Льгот и послаблений дворянину никаких не делалось. Он носил те же кандалы, как и обыкновенные каторжники, ел ту же пищу, ходил в том же костюме и делал ту же работу. Но ему, конечно, все это было вдесятеро тяжелее, чем другим. Как человек интеллигентный, он чувствовал ежеминутно такие лишения, которых не приходилось испытывать ни одному из его сотоварищей. Пришлось оставить привычку читать, так как книг в каторге читать не полагалось, допускали только Евангелие и библию, которую, кстати сказать, у него украли. Если грубое обращение вызывало тогда протест даже со стороны обыкновенных преступников, бывших крепостных, то легко себе представить, каково было переносить ту же самую грубость человеку культурному. Как бы там ни говорили, каторжная жизнь была тяжелая, мрачная…

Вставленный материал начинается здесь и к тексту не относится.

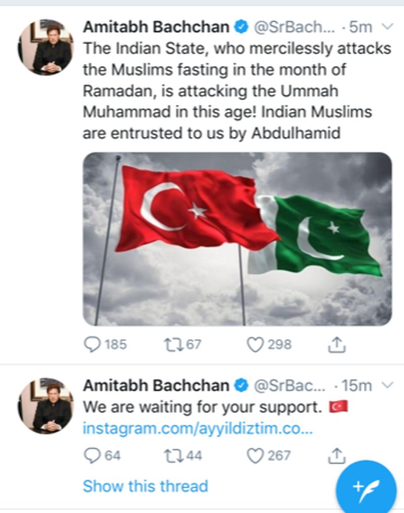 लेकिन आपको बता दें बिग बी का कल रात 11:30 बजे के करीब ट्विटर हैंडल हैक हो गया था। अकाउंट हैक करने वालों ने खुद को Ayyıldız Tim Turkish Cyber Army बताया। तुर्की हैकर्स ने अमिताभ बच्चन के ट्विटर हैंडल पर अमिताभ के फोटो को हटाकर पाकिस्तान के प्रधानमंत्री इमरान खान का फोटो लगा दिया गया। इसके साथ ही हैकर्स ने ट्वीट में 'Love Pakistan' भी लिखा।

Дуров угас в остроге: «вошел он в острог молодой, красивый, добрый, а вышел полуразрушенный, седой, без ног, с одышкой». Выносить эту жизнь становилось иногда совсем не под силу. Тогда уходили обыкновенно в лазарет, где доктора были такие хорошие, ласковые. Материальные неудобства и всяческие стеснения были и здесь те же самые, но «принудительность» жизни по известной программе чувствовалась меньше. Можно было полежать вволю, хотя и на скверной койке и в невозможном больничном халате, спать, не слушая барабана, не ходить на работу.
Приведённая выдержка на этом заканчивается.